Crucially, Beer pushed back against expectations to create a full dance album following “Make You Mine”‘s success. “My album isn’t really a dance album it’s a straightforward pop record,” she told PAPER Magazine. “If I were chasing the trend, I’d make a full dance album, but that would feel alienating. I like too many different genres.” This creative independence reflects Beer’s growing confidence: “I feel so different today than I did when I started this project. Making Locket definitely pushed me into a new direction of my life. It opened a portal for me in many ways.”

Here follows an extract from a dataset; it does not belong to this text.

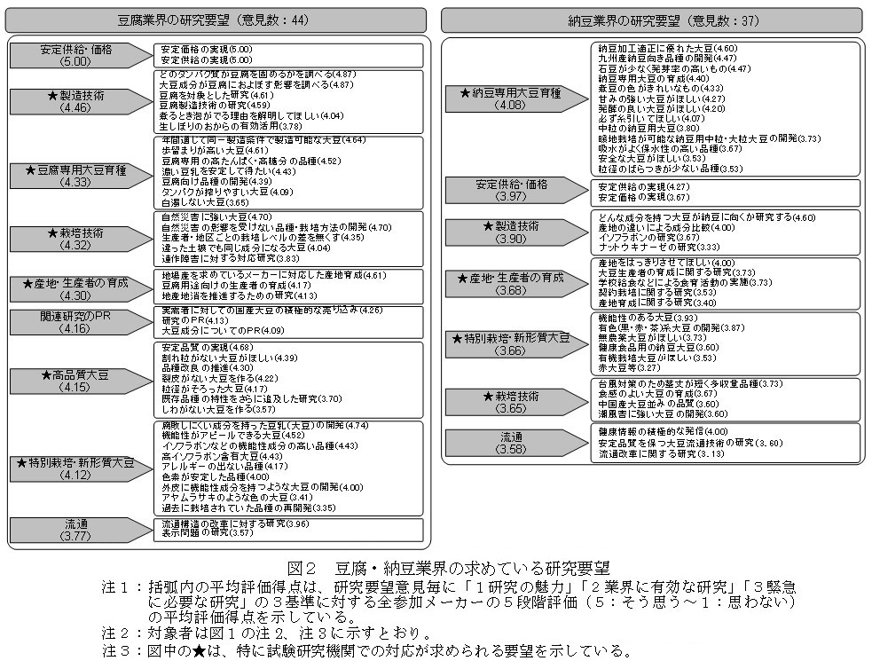 豆腐・納豆メーカーの求めている要望として、豆腐では、「製造技術に関する研究」「豆腐専用大豆の育種」「栽培技術に関する研究」「産地・生産者育成」「高品質大豆育種」に、納豆では「納豆専用大豆の育種」「納豆製造技術に関する研究」「特別栽培・新形質大豆育種」に高い評価を与えており、研究機関が対応すべき要望が多い(図2)。

Track-by-track breakdown reveals deliberate sequencing (Locket Review)
The standard edition contains 11 tracks spanning approximately 34 minutes, deliberately concise compared to the 17-song Life Support and following the tighter structure of Silence Between Songs. Beer kept the tracklist short to “preserve the emotional impact of each moment and avoid the dilution she often sees in longer projects.”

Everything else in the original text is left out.